Egg Frittata With Zucchini, Black Olives, And Chard
Total Time: 1 hr
Preparation Time: 30 mins
Cook Time: 30 mins
Ingredients
- Servings: 4
- 1 lb zucchini, cut into 3/4-inch to 1-inch dice
- 12 ounces chard leaves
- 2 tablespoons olive oil, divided
- 1/2 small onion, diced
- 1 garlic clove, minced
- 1/2 teaspoon greek oregano
- 1/2 cup ripe black olives, chopped
- 10 egg whites
- 1/3 cup coconut milk (*not* the coconut milk that comes in a carton and is meant for drinking)
Recipe
- 1 generously sprinkle zucchini pieces with fine sea salt and set aside on a cutting board or in a colander for about 30 minutes.
- 2 blot the zucchini with a towel, toss with enough olive oil to coat (about 1 tbsp), and spread in a single layer on a baking sheet lined with parchment paper. roast at 425 degrees f. for about 8 minutes; stir and roast another 5 to 8 minutes, until zucchini pieces are tender and slightly caramelized.
- 3 trim the chard by removing and discarding the stems. cut the leaf blades into 1/2-inch ribbons.
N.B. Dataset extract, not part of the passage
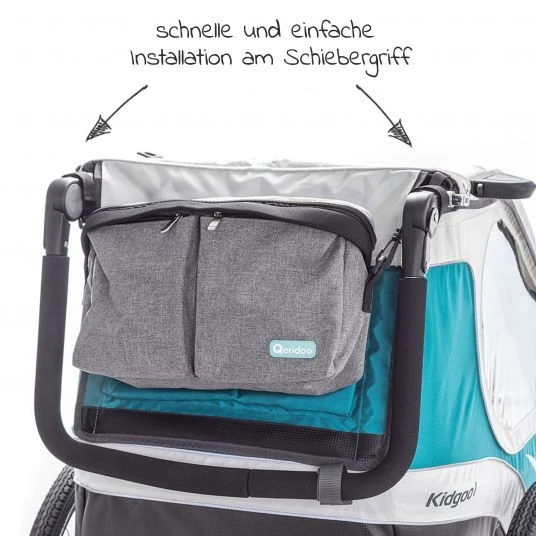 Unterwegs gibt es viele Kleinigkeiten die man bei einem Ausflug mit dem Fahrradanhänger im Buggy-Modus dabei haben möchte. Wenn die Stauräume am Anhänger schon ausgereizt sind, ist die Queridoo Tasche Organizer für den Schiebergriff in Grau die optimale Lösung. Mit ihr findest Du alles Wichtige direkt vor Dir am Schiebegriff übersichtlich verstaut. Die Tasche bietet genug Platz für Trinkflasche, Tücher, Kekse, Handy und vieles mehr. Besonders praktisch: Du kannst sie auch dank breitem Schultergurt als Umhängetasche nutzen.

- 4 bring about a quart of salted water to a boil in a wide skillet. add the chard and simmer uncovered for about 5 minutes, turning the leaves over occasionally with a spatula. drain the chard and spread on a cutting board to cool. when it's cool, squeeze excess moisture from the chard.
- 5 saute the onion in the remaining 1 tbsp of olive oil until soft; add the garlic and oregano and saute another minute or so. add the chard and olives, and cook for another couple of minutes. remove from heat. stir in the zucchini.
- 6 in a bowl, blend the egg whites and coconut milk. (if using canned coconut milk, shake the can vigorously before opening to blend the contents.) stir in the vegetables. pour the mixture into a lightly greased 8 by 8 baking dish.
- 7 cover the dish with foil and bake at 350 degrees f. for 30 minutes or until the eggs are set.